Pastor Wyatt is an admirable creation: a born again preacher the most flamingly liberal agnostic can understand, sympathize with, and even almost like (the ‘almost’ stemming from his hatred of homosexuals). PW is neither evangelical nor, to a surprising extent, judgmental. The women of Salvation City come to church in sundresses; the music may be Christian, but it’s rock music. Alcohol is not frowned upon, nor is having a good time with friends. This easy attitude makes PW a charismatic man, adored by his flock and good-naturedly tolerated by the few non-believers in town.

As the pandemic dies down, chaos continues to reign in the larger cities, but Jesus fails to show up. His failure to appear stir unrest in Salvation City. So does the gradual rebuilding of social infrastructure, which allows relatives to begin finding the children, cousins, nieces, and nephews presumed dead. These relatives, understandably, want their kin back. Without giving away the plot, Cole finds himself in the middle of such a battle, and is terribly torn between his new family and his biological one. Now 14, he recognizes some of PW’s logic as flawed thinking, yet his love for his adopted family forbids any easy decisions.

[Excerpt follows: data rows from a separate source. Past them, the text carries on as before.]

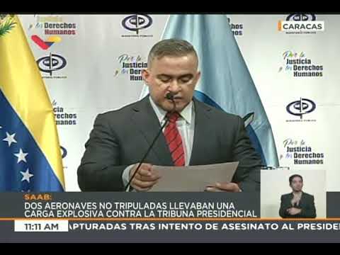 El Fiscal General de la República, Tarek William Saab, indicó en rueda de prensa este lunes que han sido identificados los autores materiales y colaboradores inmediatos del intento de magnicidio contra el presidente de la República Nicolás Maduro, hecho ocurrido el pasado sábado 4 de agosto. Se determinó la identidad de los explosivistas, el lugar dónde se alojaron y las primeras conexiones internacionales de los involucrados. También fueron detenidos en flagrancia dos personas encargadas de maniobrar uno de los drones desde un vehículo.
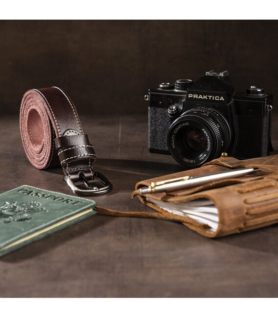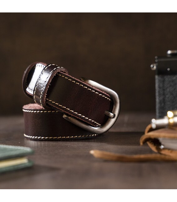 Ремінь преміум класу з високоякісної натуральної шкіри. Доповнено аксесуар солідною пряжкою з надійного металевого сплаву. Ремінь регулюється по довжині в меншу сторону, зробити це дуже просто, потрібно всього лише відкрутити гвинтик біля пряжки, відрізати зайву частину і прикрутити назад. Виріб доповнено рівним світлим рядком на лицьовій стороні, яка надає індивідуальності.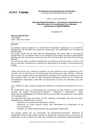 Le présent rapport propose à la Commission Permanente d’approuver la convention d’application et financière du projet de construction d’un périscolaire de 70 places à Roeschwoog. Ce projet, porté par le SIVU RPU de Roeschwoog, est inclus dans la convention partenariale du 14 octobre 2019 et qui comprend trois autres structures périscolaires portées par des Communes voisines au sein de la Communauté de Communes du Pays Rhénan. Le principe de cette convention d’application et financière avait été inscrit à l’article 4.4 de la convention partenariale et permet au Département de soutenir financièrement ce projet.

Nunez’s feat is an amazing one, an effort none of the other “apocalypse now” books even attempts: getting into the heads of the “bad guys” and proving them well-meaning humans. Nunez makes no excuses for some of PW’s lesser behaviors, but his flaws are of the universal variety. Nunez’s adamant refusal to revert to satire, fearmongering, or sentimentality lets the reader understand the denizens of Salvation City and their fervent belief in The Rapture. These are people who need assurance of salvation.

After all, being a nonbeliever theses days ain’t no Mudd Club, or CBGB’s. We don’t have time for that, now. Instead we wander the flaming, flooding, illness-wracked planet, bereft and utterly certain we are forsaken.